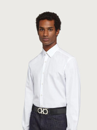 Reversible, two-tone belt made of soft natural grain leather with a rich finish. The golden Gancio buckle features an exclusive processing that is used to create a net-effect engraving for a refined finish. The adjustable length ensures the perfect fit. - Composition: calf leather - Made In ITALY
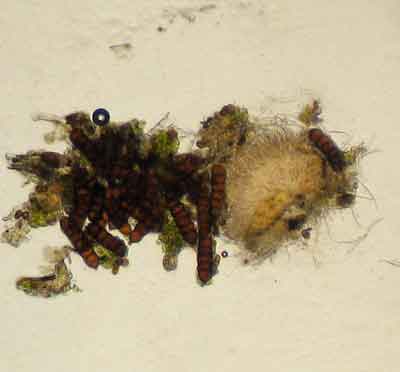 Papilbraamroest of Phragmidium bulbosum, dit zijn de teleosporen van deze soort en deze komt voor op braam.
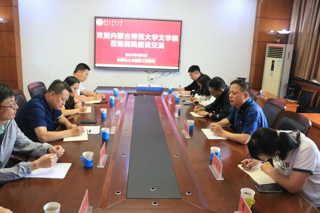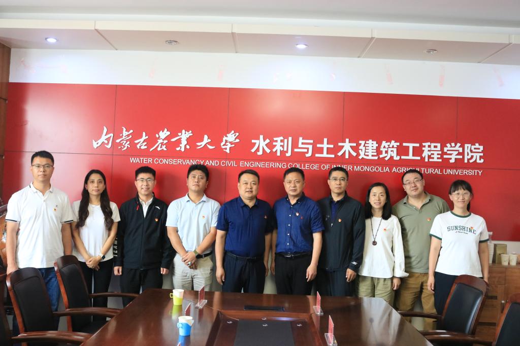 6月5日上午,beat365官网网页版党委书记韩彦斌,党委副书记、副院长牛海龙一行赴内蒙古农业大学水利与土木建筑工程学院调研。参加调研的人员有beat365官网网页版秘书学系主任高永强,教工第一党支部书记赵玉龙,教工第二党支部书记黎秀娥,本科生党支部书记李伟、副书记白岩,研究生党支部副书记刘慧颖。
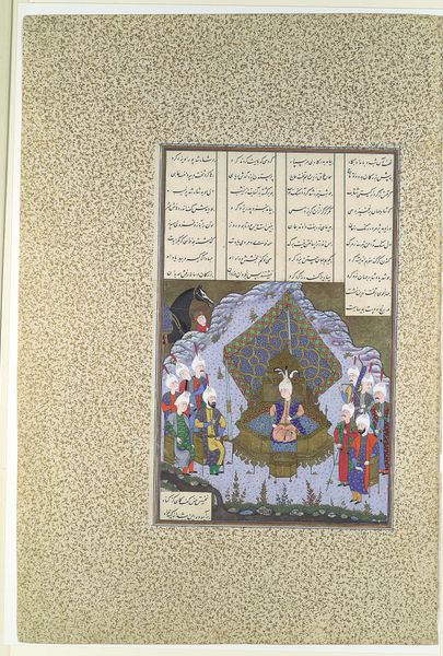 Editor: So, this tempera and textile work, "Untitled," comes to us from Mirza Agha Emami. It has the feel of a Persian miniature, doesn’t it? The colors are so vibrant, even within the aged aesthetic. What immediately jumps out at you? Curator: What I find compelling is the performative aspect presented in the setting. The miniature appears less as a private scene and more as a staged event within a broader cultural landscape. How do we consider the implied audience, both within the painting and those who later viewed this piece in galleries or private collections? The carefully detailed borders frame not just an image but also a constructed world. Editor: A constructed world, definitely! It feels so deliberately positioned. Do you think the location affects the interpretation? Curator: Absolutely. The location, whether intended for domestic display or courtly appreciation, dictates its socio-political function. Are we seeing a romanticized depiction of leisure meant to reinforce power structures, or a glimpse into a lived, albeit idealized, reality? The framing textile design itself suggests luxury, controlling and commanding the aesthetic experience. Does this framing manipulate the content and message? Editor: I hadn't considered how the medium is the message itself here. I was so caught up in the landscape painting within the textile design! Curator: Precisely. The placement of art is a deliberate choice. And thinking of the artist...I now feel there is more to uncover in later study of other works of this era.

*YOUR INSTRUCTIONS*
The lines from the start of the data through the line that contains "6月5日上午,beat365" are to be returned exactly, please, with both ends included and every picture left out.

*YOUR RESPONSE*
 Reversible, two-tone belt made of soft natural grain leather with a rich finish. The golden Gancio buckle features an exclusive processing that is used to create a net-effect engraving for a refined finish. The adjustable length ensures the perfect fit. - Composition: calf leather - Made In ITALY
 Papilbraamroest of Phragmidium bulbosum, dit zijn de teleosporen van deze soort en deze komt voor op braam.
 6月5日上午,beat365官网网页版党委书记韩彦斌,党委副书记、副院长牛海龙一行赴内蒙古农业大学水利与土木建筑工程学院调研。参加调研的人员有beat365官网网页版秘书学系主任高永强,教工第一党支部书记赵玉龙,教工第二党支部书记黎秀娥,本科生党支部书记李伟、副书记白岩,研究生党支部副书记刘慧颖。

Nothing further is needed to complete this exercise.